After officially launching preparations for the four theater commands in 2021, Bipin Rawat had already split the armor of the three major Indian “strike armies” (i.e., the 1st, 2nd, and 21st Army Groups) to reorganize on the front line, and when this splitting plan fell on the head of the Indian Air Force, the second largest hilltop of the Indian Army had reservations about it. In addition, Bipin Rawat even made statements in July that “the IAF is a support force for the ground forces” and that it is “a support force” for the Indian Army. Such statements, which ignored the strategic and tactical capabilities of the air force, also led to strong opposition to the reform proposal from the IAF chief of staff (equivalent to the commander) down.

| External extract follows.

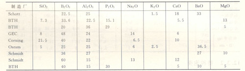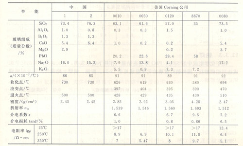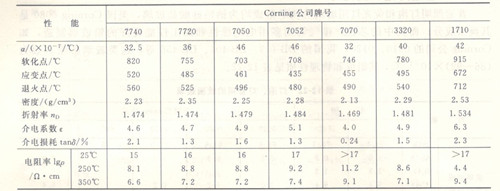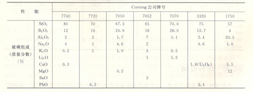 美國Corning公司的硬質玻璃組成與物理性質列于表2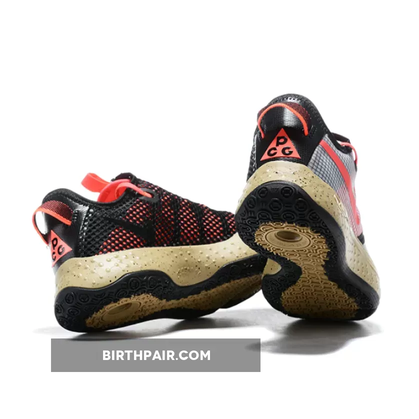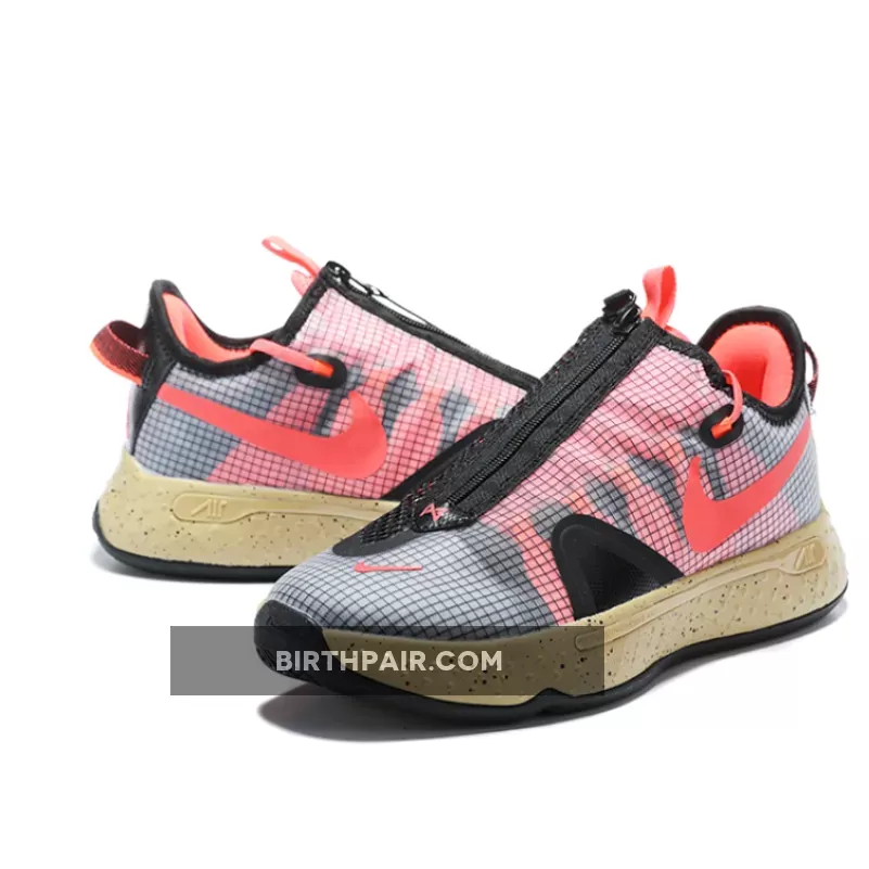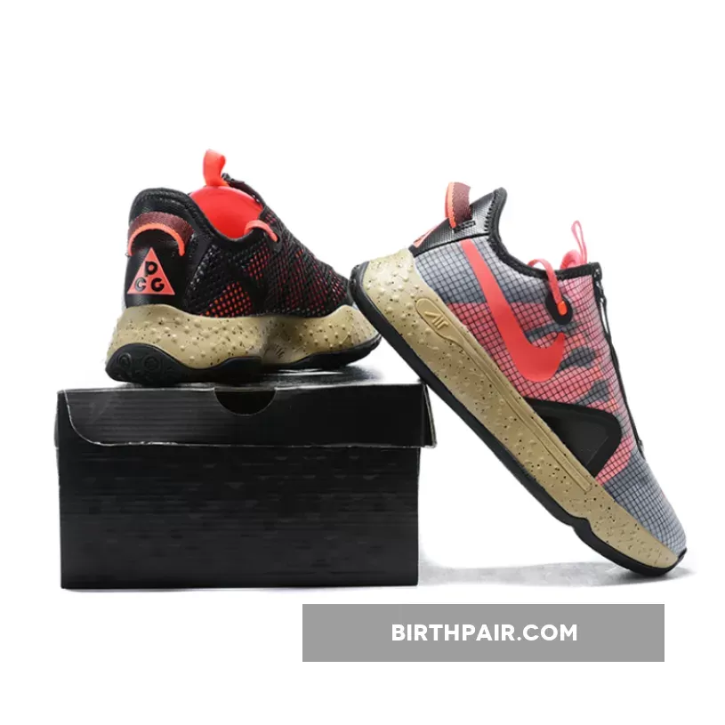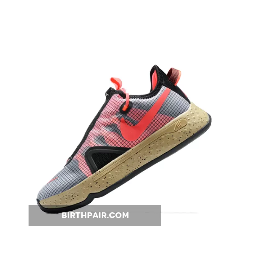 This offering of the Nike PG 4 features a Black base covered fully in digital camouflage graphics detailed with Orange and Purple accents to give off an ACG vibe.

By September 2021, the IAF was still resisting the theater joint command proposal.
In the IAF’s view, the army-born chief has been at war with himself ever since he was promoted by Narendra Modi to be the first person below the defense minister and above the tri-service chiefs. Under the new military reform plan, the Indian Air Force, which like the Indian Army has seven commands, will be streamlined and split. One of its core assets, the 42 fighter flying units, would be cut to just 30, and would be further broken up by theater and frontline force configuration around the country to provide support to ground forces.
As Modi and Bipin Rawat’s new military reform program encourages the Army to receive uniformed and paramilitary forces from the Ministry of Home Affairs, i.e., “Indo-Tibetan Border Police” and “Border Security Force,” the IAF may further transform itself into an army aviation force or something like that because of the needs of these frontline forces stationed along the India-China and India-Pakistan borders, which is unacceptable for the air force that was previously on par with the army.

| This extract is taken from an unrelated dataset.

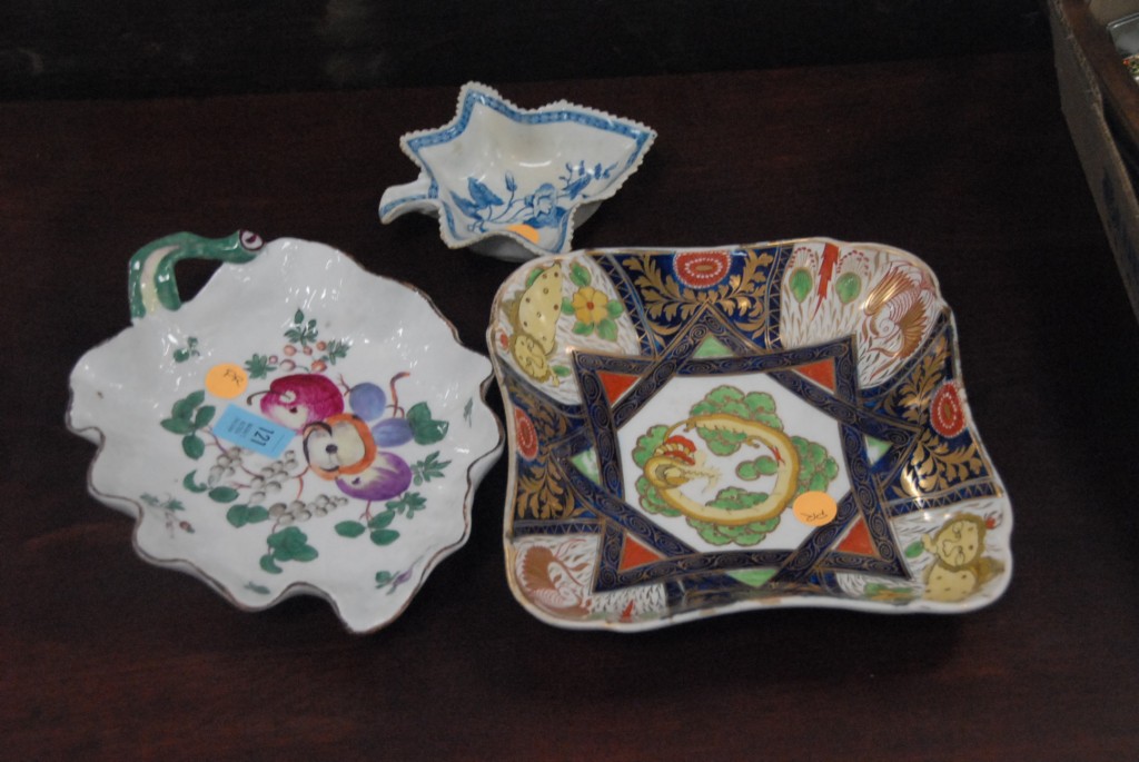 Three piece lot Worcester Chamberlain dish circa 1800 hairline.

In addition, after the IAF’s chain of command was integrated into the “theater command,” the original seven air force generals in charge of air bases around the situation also no longer existed, the new theater commander will only be reserved for five generals of the three armies, although Bipin Rawat and his military reform team established a new Ministry of Defense system. Although Bipin Rawat and his team have created a new “Department of Military Affairs” (DMA) within the Ministry of Defense, which is accommodating the redundant general officers of the three services, the existence of a bed-and-breakfast relationship between the DMA and the Indian Ministry of Defense does not change the prospect that the Indian Air Force will be hit hard by the “military reform. And while Bipin Rawat’s death will not easily change that course, and General MM Naravane, who is expected to be the next chief of defense staff, may still have a bias against the air force, the IAF can always mourn in mockery while privately rejoicing in the fall of its enemies.
A drummer for two-front warfare
As for Bipin Rawat’s influence on the situation around him, this may be a more dramatic topic: He has been creating a “two-front war” atmosphere for India since 2017, and now that atmosphere has finally become a reality thanks to the “efforts” of the Indian Army.
According to information, Bipin Rawat has been a staunch advocate of war since the India-China standoff in Doklam in 2017. In a speech at India’s Center for Ground Warfare Studies (CLAWS) in September of the same year, Bipin Rawat pointed out that India is still at risk of war along the Sino-Indian and Sino-Pakistani borders. He determined that India must be wary of war with China and that there was no room for reconciliation with Pakistan during the same period, and that “Pakistan will take advantage of India’s concerns about China to act,” but Bipin Rawat did not offer a countermeasure or a solution.
From there, Bipin Rawat began to make a lot of noise in New Delhi about a “two-front war” and became famous for it. By the end of 2019, he again warned India to be “ready for a war with China and Pakistan at the same time. By 2020, during the Galwan night battle and the Pangong Lake standoff, Bipin Rawat followed Modi and others to the front line, declaring that China was “trying to change the status quo on the Line of Actual Control on the border during the New Crown pandemic” and that India “needs to be highly prepared on land, at sea and in the air. ”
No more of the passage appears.